The debugger is extensible – it is actually defined as the class Pdb. This is currently undocumented but easily understood by reading the source. The extension interface uses the modules bdb and cmd.
The debugger’s prompt is (Pdb).
distutils
The distutils package provides support for building and installing additional modules into a Python installation. The new modules may be either 100%-pure Python, or may be extension modules written in C, or may be collections of Python packages which include modules coded in both Python and C.
sys
This module provides access to some variables used or maintained by the interpreter and to functions that interact strongly with the interpreter. It is always available.
contextlib
This module provides utilities for common tasks involving the with statement. For more information see also Context Manager Types and With Statement Context Managers.
inspect
The inspect module provides several useful functions to help get information about live objects such as modules, classes, methods, functions, tracebacks, frame objects, and code objects. For example, it can help you examine the contents of a class, retrieve the source code of a method, extract and format the argument list for a function, or get all the information you need to display a detailed traceback.

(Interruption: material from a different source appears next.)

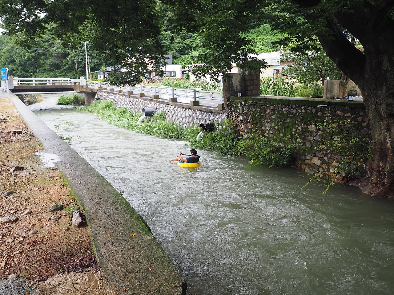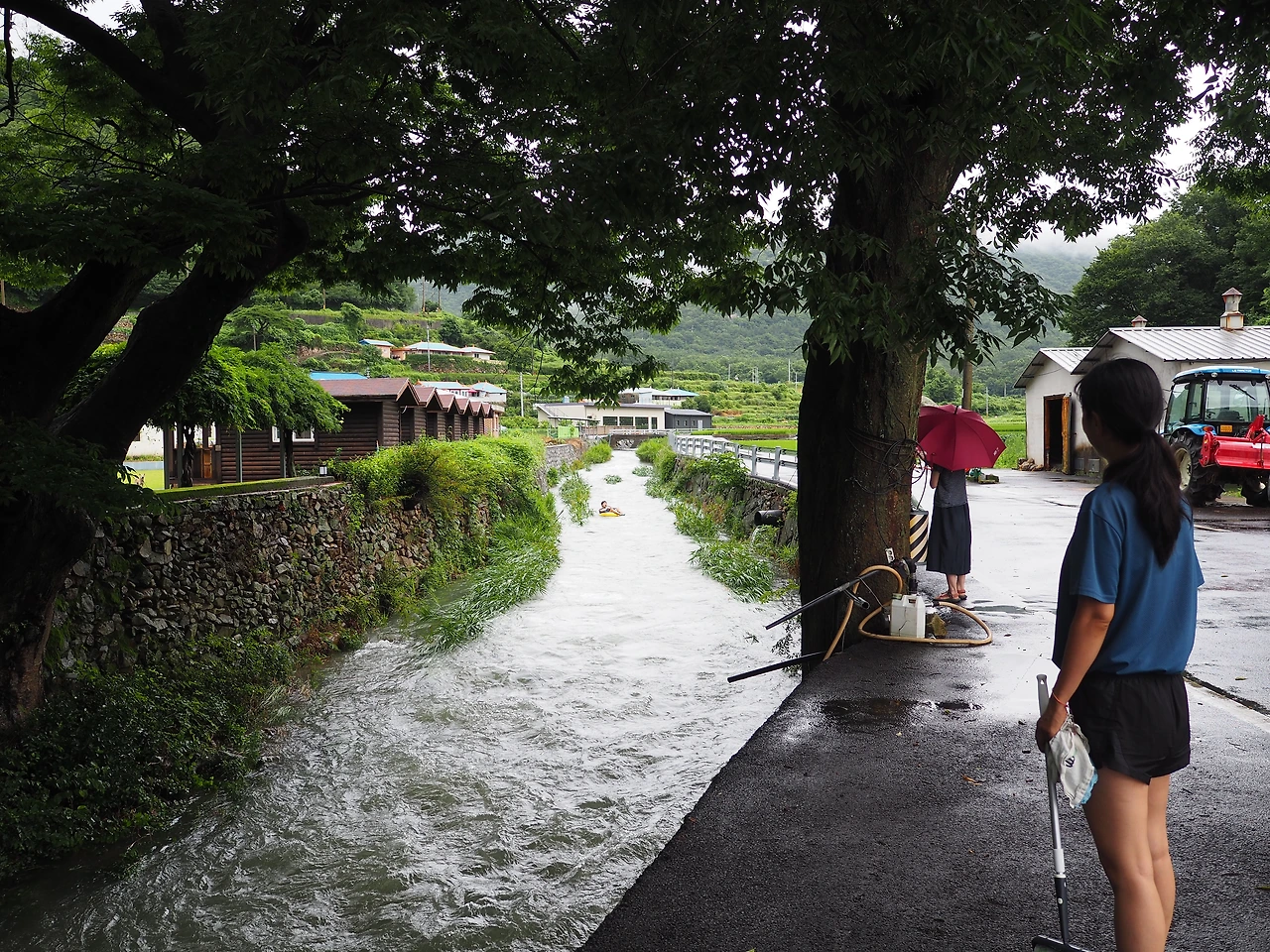 유정 님, 린지 님과 함께 나가서 조마조마한 마음으로 튜브 타는 다형 님을 지켜봤다. 유속이 느린 당산나무 근처에서 하천으로 내려가 다리 앞까지 한번 타고, 그 다음에 다시 다리 앞에서 타서 체험관 근처까지 내려갔다 온 모양이다. 농부는 농부인지, 노 대신 삽을 들었다. 지나가던 동네 할머니께서 "저 바보는 바다까지 떠내려가면 어쩌려고 그러냐"하며 걱정하셨다. 다행히 다친 곳 하나 없이 뭍으로 올라왔다. 죽을 것 같진 않지만 다치지 않을 자신은 없어서, 지켜보다가 슬쩍 합류해보려던 마음을 접었다.

There are four main kinds of services provided by this module: type checking, getting source code, inspecting classes and functions, and examining the interpreter stack.
importlib
The purpose of the importlib package is two-fold. One is to provide the implementation of the import statement (and thus, by extension, the import() function) in Python source code. This provides an implementation of import which is portable to any Python interpreter. This also provides an implementation which is easier to comprehend than one implemented in a programming language other than Python.
Two, the components to implement import are exposed in this package, making it easier for users to create their own custom objects (known generically as an importer) to participate in the import process.